I’m working on DWARF support for gnat-llvm, an Ada compiler. In Ada, it’s possible for subrange types to have dynamic bounds, sometimes defined in terms of other variables or expressions. I’ve been looking at how to implement this, and I’ve been thinking of enhancing DIExpression to allow a DW_OP_call, referencing some other DIE.
If needed I can show an Ada test case where the compiler wants to emit an expression like 2 * Variable as an array bound. This would wind up as something like DW_OP_call <Variable's DIE> DW_OP_const2u DW_OP_mul.
I see the patch discussed in this thread never landed, and so maybe my plan is still ok. Otherwise I guess I could make a new node that’s similar to DIExpression.
I think having DIExpression reference other metadata nodes that eventually refer to Values through ValueAsMetadata wrappers is probably the wrong direction. If the debug info needs to combine multiple machine locations together to compute the variable value or location, I think it would be more consistent with our current design to have #dbg_value records take multiple ValueAsMetadata inputs, or maybe to have some multiplexed ValueAsMetadata node.

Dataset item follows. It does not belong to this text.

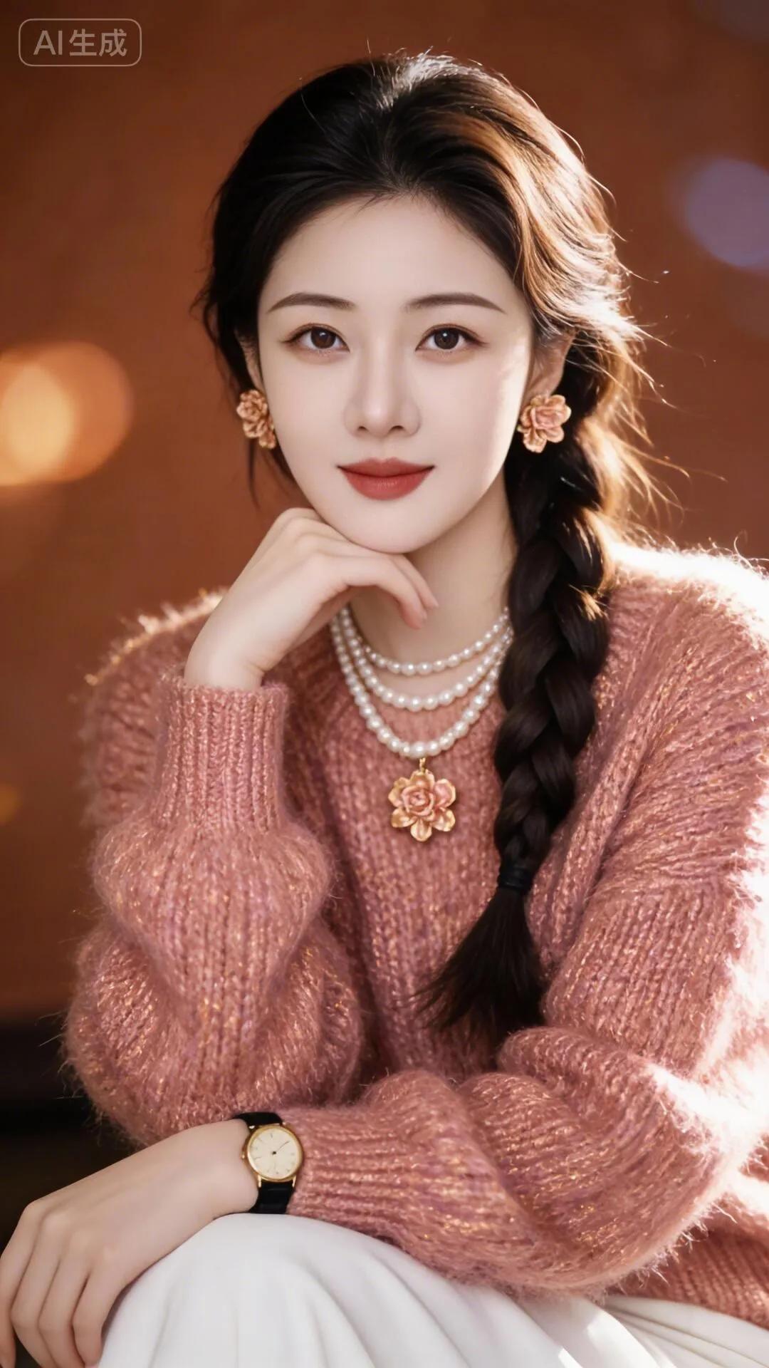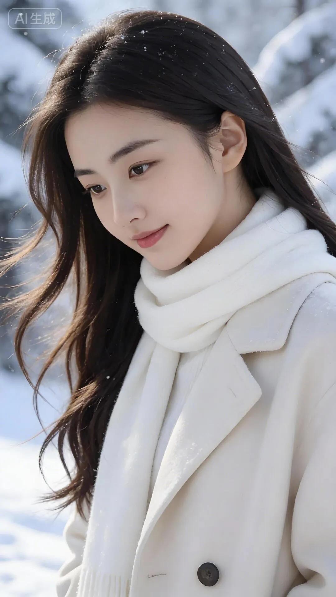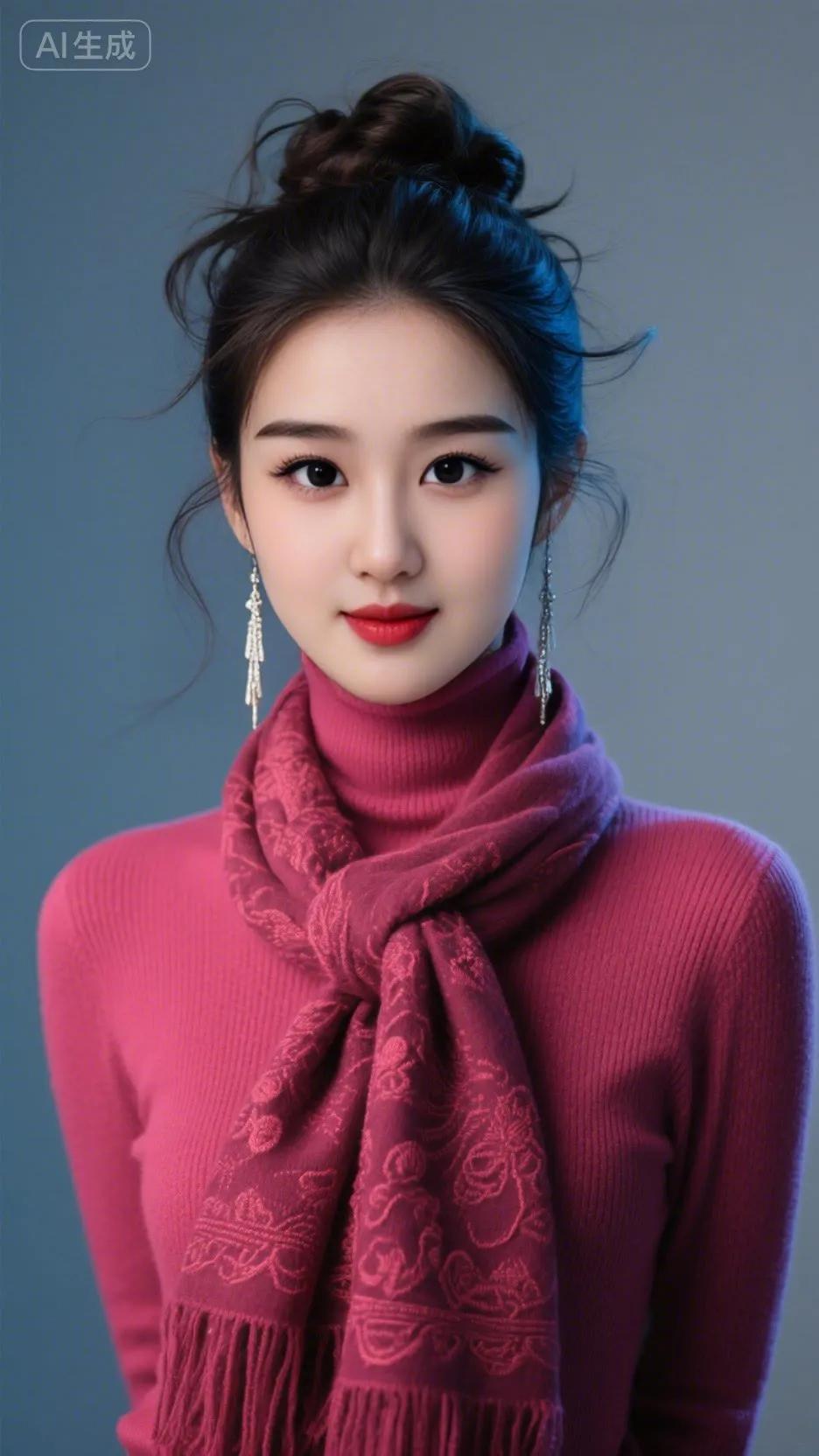 冬日暖阳下,温柔粉毛衣与白色围巾的完美搭配,尽显冬日温暖与甜美。

One way that I’ve understood #dbg_value/llvm.dbg.value in the past is that it takes the referenced value, puts it on the DWARF expression stack, applies the operations in the DIExpression, and the final value on the stack is the final machine location. Internally, the backend does a fair bit of pattern matching to handle simple expressions with simple DWARF machine location expressions.
Is it possible to extend that model by pushing multiple values onto the DWARF expression stack and making expressions compatible with that?
Is it possible to extend that model by pushing multiple values onto the DWARF expression stack and making expressions compatible with that?
Good opportunity to plug the variadic debug values feature! In the case of dbg_values, instead of using a single value as the first argument, e.g. i32 %a, it is possible to use the DIArgList metadata that can reference multiple values, e.g. !DIArgList(i32 %a, i32 %b). This does not push all of those values onto the DWARF stack, but instead creates a referenceable list for the corresponding DIExpression - so the 0th argument can be inserted into the expression with DW_OP_LLVM_arg 0, and so on for all other arguments.
@tromey Does this seem like it potentially addresses your requirement?